CONTACT: Meredith Curtis, ACLU of Maryland, 410-889-8555; email@example.com
ANNAPOLIS – Today, Governor Martin O’Malley signed into law five bills that were priorities for the American Civil Liberties Union (ACLU) of Maryland during the 2014 General Assembly session. These included Senate Bill 364 to replace criminal penalties with civil fines for possessing small amounts of marijuana; SB 698 to require law enforcement get a warrant based on probable cause prior to obtaining mobile phone tracking information; House Bill 912 to protect the privacy of electronic communications by requiring a warrant before it can be disclosed to law enforcement; and HB 27 to impose restrictions on the shackling of pregnant incarcerated women during labor, delivery, and post-partum recovery.
SB 364, lead sponsors Senators Bobby Zirkin (D-Baltimore County) and Allan Kittleman (R-Howard): CRIMINAL LAW – POSSESSION OF MARIJUANA – CIVIL OFFENSE.
Sara Love, ACLU of Maryland Policy Director: "This measure will prevent tens of thousands of Marylanders from facing life-altering criminal penalties simply for possessing marijuana, which most Marylanders believe should be legally taxed and regulated. For too long, Maryland's counterproductive marijuana laws have resulted in a racially disparate approach of stopping, searching, and arresting people for possession of marijuana. May we now move away from that failed approach, which wastes resources, hurts communities, and erodes trust with law enforcement.”
SB 698, lead sponsors Senator Christopher Shank (R-Washington) and Jamie Raskin (D-Montgomery): CRIMINAL PROCEDURE – ELECTRONIC DEVICE LOCATION INFORMATION – ORDER.
SB 699, lead sponsors Senator Christopher Shank (R-Washington) and Jamie Raskin (D-Montgomery): AUTOMATIC LICENSE PLATE READERS AND CAPTURED PLATE DATA – AUTHORIZED USES.
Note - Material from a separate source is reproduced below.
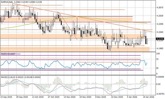 Eskalacji dalszego impasu pomiędzy USA, a Unią Europejską w temacie Grenlandii zapobiegł sekretarz generalny NATO, Mark Rutte, który zaproponował Donaldowi Trumpowi kompromisowe rozwiązania zwiększające bezpieczeństwo USA, przy jednoczesnym zachowaniu jedności NATO. Amerykanie dostaną zgodę od Duńczyków na zwiększenie liczby baz wojskowych, które będą traktowane na zasadzie eksterytorialności, tak jak brytyjskie bazy wojskowe na Cyprze. W odpowiedzi prezydent USA zapowiedział wycofanie karnych ceł za Grenlandię, które miały wejść w życie 1 lutego. Temat, który pojawił się w weekend i mocno wstrząsnął rynkami, szybko wypadł z wokandy. Efekt TACO, czy spryt i doświadczenie dyplomatyczne europejskich polityków, którzy zagrali mocnymi kartami wobec USA? A może jedno i drugie? Niesmak pozostał jednak na rynkach. Wall Street wprawdzie wymazała już sporą część spadków, ale inwestorzy zdaje się, że nie wiedzą co zrobić dalej z dolarem... EURUSD pozostaje względnie wysoko, chociaż już poniżej poziomu 1,17.
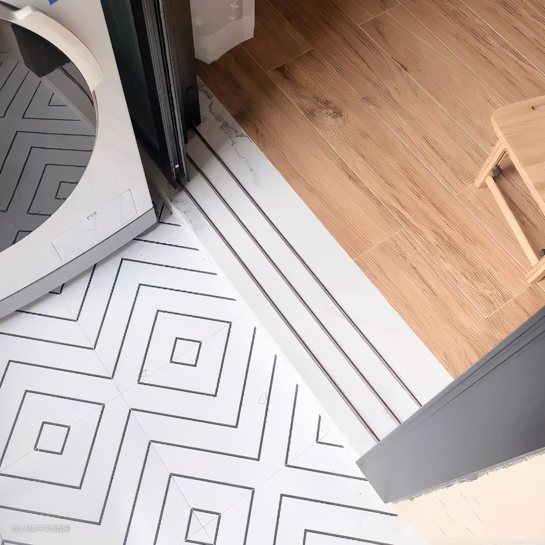 如果家里有的房间铺瓷砖,有的房间铺木地板,那么地板和 地砖的交接处就得做好收口、过渡,过渡就需要用到门槛石、收边条波导线等材料。

HB 912, lead sponsors Delegates Michael Smigiel (R-Caroline, Cecil, Kent & Queen Anne’s), Alfred Carr (D-Montgomery), Samuel Rosenberg (D-Baltimore City), and Jeffrey Waldstreicher (D-Montgomery): COURTS – ELECTRONIC COMMUNICATIONS – PRIVACY.
Sara Love, ACLU of Maryland Policy Director: “This package of privacy bills are important first steps that advance Marylanders’ personal liberty without sacrificing security.”
HB 912: “This bill brings our communications privacy laws into the 21st century, and makes clear that state law enforcement can't access our email or other electronic communications without a warrant no matter how or where it is stored: in the cloud or on our computer. Federal law still needs to catch up, which is why the ACLU is pressing Congress to pass the E-mail Privacy Act (HR 1852).”
SB 698: “This legislation is an important first step in ensuring that the government can't use our cell phones as personal tracking devices. It prohibits state law enforcement from getting location information about our phones in real time without a warrant. Going forward, it also will be important for the legislature to require a warrant for law enforcement to access the historical location data that all cellular providers keep about our movements.”
SB 699: “We are pleased that legislature has started to take note of the significant privacy implications of automated license plate readers, and we look forward to working in future years to enact more far reaching reforms on how the data is gathered, used, and stored.”
SHACKLING OF PREGNANT INMATES
HB 27, lead sponsors Delegate M. Washington and Senator Jamie Raskin (D-Montgomery): CORRECTIONAL SERVICES – HEALTHY BIRTHS FOR INCARCERATED WOMEN ACT.
Sara Love, ACLU of Maryland Policy Director: “This is a proud moment when Maryland is turning decisively away from the inhumane, dangerous, and unnecessary practice of shackling pregnant women. Maryland now has a statewide law to ensure that pregnant women are protected against this barbaric practice.”